A single character to test
Returns: boolean - true if the character is a Latin letter (a-z, A-Z)
Example
import { isLatinLetter } from 'bitaboom';
console.log(isLatinLetter('a')); // true
console.log(isLatinLetter('Z')); // true
console.log(isLatinLetter('ب')); // false (Arabic letter)
console.log(isLatinLetter('5')); // false (digit)

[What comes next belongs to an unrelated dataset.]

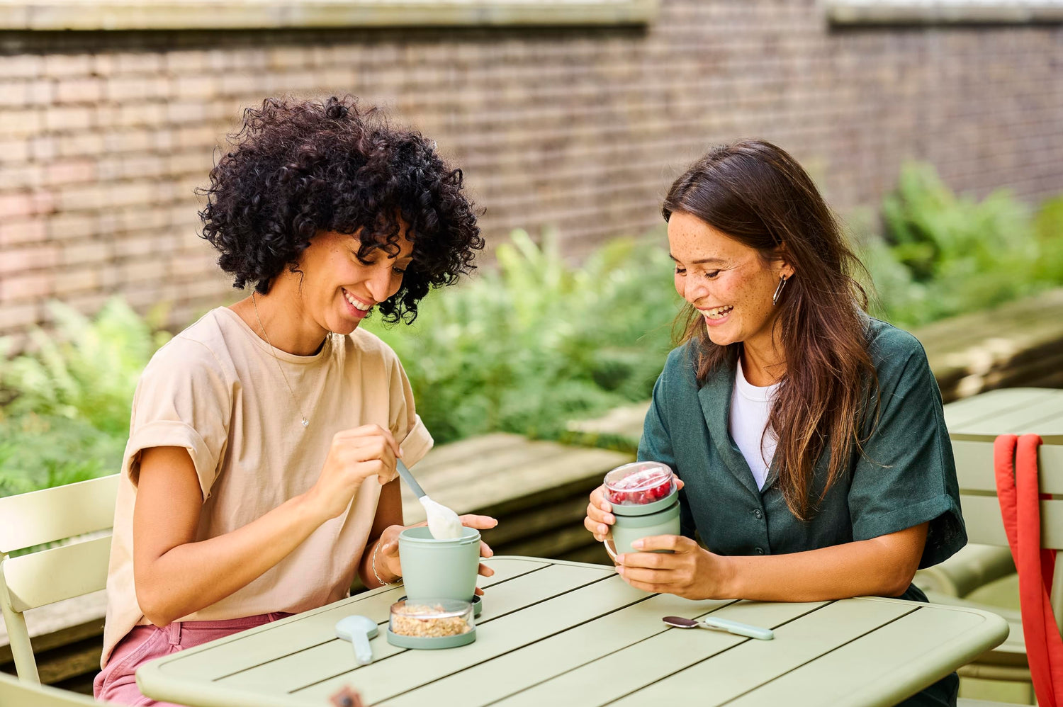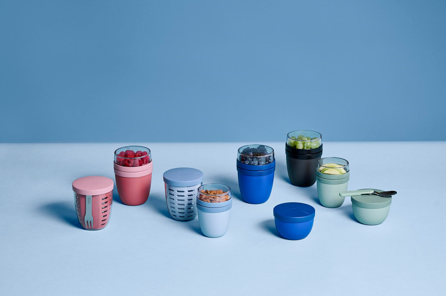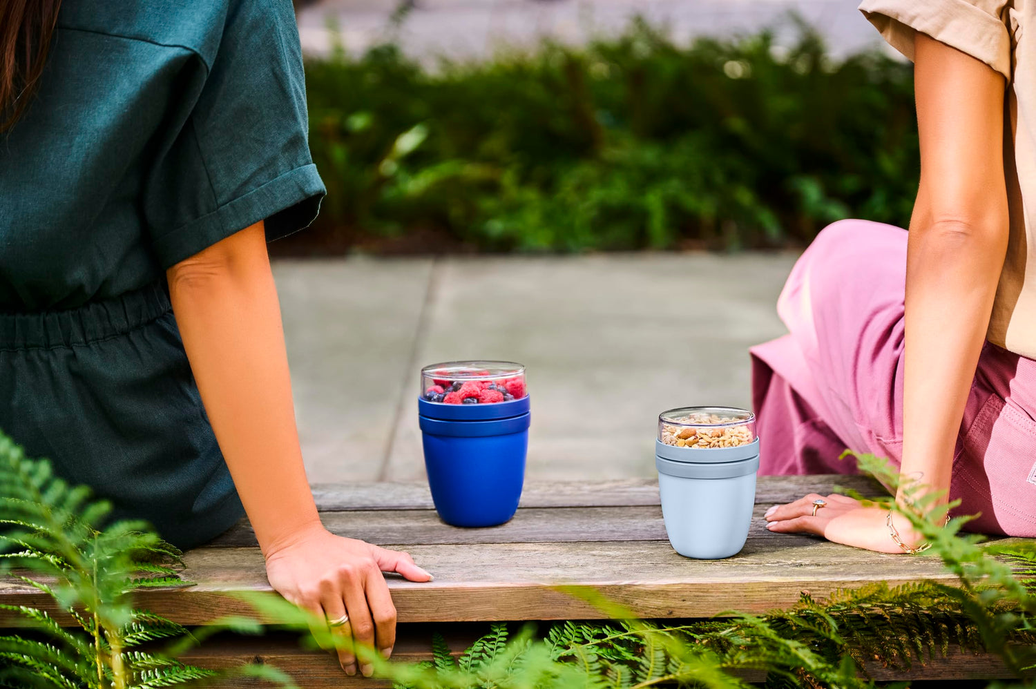Der Lunchtopf Ellipse von Mepal ist ein praktisches Produkt zum Transportieren von Mittagessen oder Snacks. Der Joghurtbecher hat 2 verschiedene Fächer, die es ermöglichen, die verschiedenen Zutaten getrennt aufzubewahren. Zum Beispiel Joghurt und Müsli oder Suppe und Croutons. Die trockenen Zutaten können in das obere Fach gegeben werden, damit sie knusprig bleiben. Jeder Behälter hat einen eigenen Deckel, die beiden können mit einer einfachen Drehung verbunden oder getrennt werden. Außerdem passen die Deckel auf beide Behälter, so dass man morgens nicht nach dem richtigen Deckel suchen muss. Das Fassungsvermögen des oberen transparenten Behälters beträgt 200 ml, d.h. er fasst etwa 75 Gramm Müsli oder Früchte. Das Fassungsvermögen des unteren Behälters beträgt 500 ml, genug für eine großzügige Portion Suppe, Nudeln oder Joghurt. Der Lunchtopf ist aus strapazierfähigem Material gefertigt und kann im Gefrierschrank, in der Mikrowelle (Deckel abnehmen) und in der Spülmaschine verwendet werden. Der obere transparente Behälter sollte nicht in der Mikrowelle verwendet werden.

console.log(isLatinLetter(' ')); // false (space)
Detected letters
This function detects:
- Lowercase letters: a-z
- Uppercase letters: A-Z
This function does NOT include Latin letters with diacritics (ā, ī, ū, etc.). It only matches basic ASCII letters.
Common use cases
Analyzing text composition
import { isArabicLetter, isLatinLetter, isArabicDiacritic } from 'bitaboom';
function analyzeText(text: string) {
let arabicLetters = 0;
let latinLetters = 0;
let diacritics = 0;
for (const char of text) {
if (isArabicDiacritic(char)) diacritics++;
else if (isArabicLetter(char)) arabicLetters++;
else if (isLatinLetter(char)) latinLetters++;
}
return { arabicLetters, latinLetters, diacritics };
}
console.log(analyzeText('بِسْمِ اللَّهِ'));
// { arabicLetters: 7, latinLetters: 0, diacritics: 5 }
console.log(analyzeText('Hello مرحبا'));
// { arabicLetters: 5, latinLetters: 5, diacritics: 0 }
Stripping diacritics while preserving letters
import { isArabicDiacritic } from 'bitaboom';
function stripDiacritics(text: string): string {
return Array.from(text)
.filter(char => !isArabicDiacritic(char))
.join('');
}
console.log(stripDiacritics('بِسْمِ اللَّهِ')); // بسم الله
Detecting script type
import { isArabicLetter, isLatinLetter } from 'bitaboom';
function detectScript(text: string): 'arabic' | 'latin' | 'mixed' | 'other' {
let hasArabic = false;
let hasLatin = false;
for (const char of text) {
if (isArabicLetter(char)) hasArabic = true;
if (isLatinLetter(char)) hasLatin = true;
}
if (hasArabic && hasLatin) return 'mixed';
if (hasArabic) return 'arabic';
if (hasLatin) return 'latin';
return 'other';
}
console.log(detectScript('مرحبا')); // arabic
console.log(detectScript('Hello')); // latin
console.log(detectScript('Hello مرحبا')); // mixed
These functions are optimized for single-character checks. For analyzing entire strings, consider using higher-level functions like getArabicScore from the arabic module.
When processing large amounts of text, cache the results if you’re checking the same characters repeatedly.